The aims of this protocol are:

  1. To study the safety and tolerability of the combination of etanercept and gemcitabine in patients with advanced pancreatic cancer:
  2. To estimate the anti-tumor effect as measured by the proportion of patients free of disease-progression at six months after treatment initiation.

Study Overview

Status

Completed

Conditions

Intervention / Treatment

Detailed Description

Rationale: The standard treatment for pancreatic cancer is gemcitabine. This study combines gemcitabine with etanercept, a drug that binds with tumor necrosis factor (TNF) molecules and blocks their activity through inhibiting their interaction with cell surface TNF receptors. TNF is the name for a protein in the body that often helps fight foreign substances. However, research suggests that pancreatic tumors develop resistance to TNF and then use it to support cancer growth. Combining etanercept, a TNF inhibitor, with gemcitabine is a novel approach to advanced pancreatic cancer. Because etanercept has not been tested in combination with gemcitabine, a Phase I study will be conducted first to identify the safest dosage of etanercept, and then a Phase II study will evaluate the efficacy of this combination.

Purpose: This study is evaluating the safety of etanercept and gemcitabine for advanced pancreatic cancer in Phase I, and the efficacy of etanercept and gemcitabine for this condition in Phase II. TNF and other inflammatory markers will also be measured in the study.

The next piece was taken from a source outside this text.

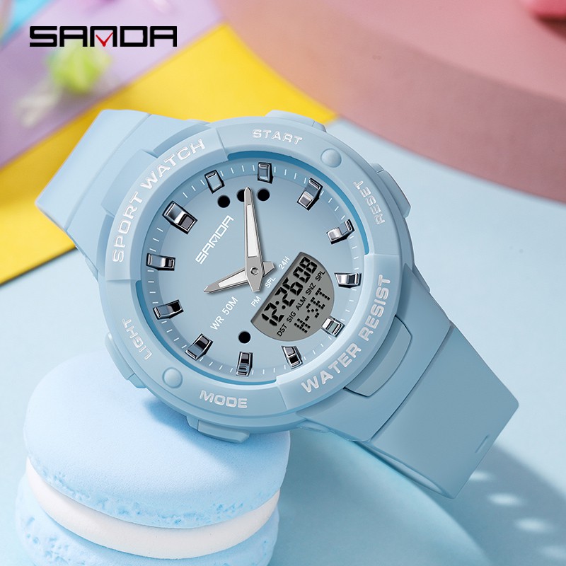 Sanda Relógio feminino à prova d'água para mulheres luxuosas e multifuncionais com cronógrafo luminoso ao ar livre
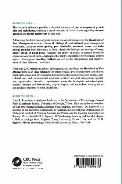 "Provides a detailed summary of pest management principles and techniques, outlining a broad selection of critical issues regarding current practice and future technology in this area. Discusses the role of soils, weather, and surrounding habitats in regulating pest occurrence and severity."

Treatment: Patients in this study will receive gemcitabine and etanercept. Gemcitabine will be administered through an intravenous infusion weekly for seven weeks followed by one week of rest. Additional treatments with gemcitabine will be given for three weeks followed by one week of rest. Patients will administer etanercept to themselves through a small injection underneath the skin twice each week. Six patients will initially be enrolled in Phase I. If severe side effects appear in at least two patients in Phase I, then additional patients will be enrolled and treated with lower dosages of gemcitabine. When the treatments do not produce unacceptable side effects, the Phase I portion of the study will end and Phase II will begin enrolling patients. Patients in the Phase II portion of the study will also receive gemcitabine and etanercept at the safest dosages identified in Phase I. Several tests and exams will be given throughout both portions of the study to closely monitor patients. Treatments will be discontinued due to disease growth or unacceptable side effects.

Study Type

Interventional

Enrollment (Actual)

38

Phase

  • Phase 2
  • Phase 1

Contacts and Locations

This section provides the contact details for those conducting the study, and information on where this study is being conducted.

Study Locations

  • United States
    • Ohio
      • Columbus, Ohio, United States, 43210
        • Ohio State University Medical Center

Participation Criteria

Researchers look for people who fit a certain description, called eligibility criteria. Some examples of these criteria are a person's general health condition or prior treatments.

Eligibility Criteria

Ages Eligible for Study

18 years and older (Adult, Older Adult)

Accepts Healthy Volunteers

No

Genders Eligible for Study

All

Description

Inclusion Criteria:

  • Must have pathological diagnosis recurring or metastatic Pancreatic Adenocarcinoma
  • No prior chemotherapy, immunology treatments or hormonal treatments
  • Measurable disease
  • Must be >18 years old
  • ONLY CONTROL ARM IS OPEN TO ACCRUAL

Inclusion Criteria:

  • Pregnant and nursing mothers.
  • Psychiatric disorders that would interfere with consent ability.
  • Patients with known brain or leptomeningeal disease.
  • Patients with history of myocardial infarction with in six previous months.
  • Any concurrent illness that would constitute a hazard to participation in study.
  • Known sensitivity to gemcitabine or etanercept.
  • Prior treatment with etanercept.

Study Plan

This section provides details of the study plan, including how the study is designed and what the study is measuring.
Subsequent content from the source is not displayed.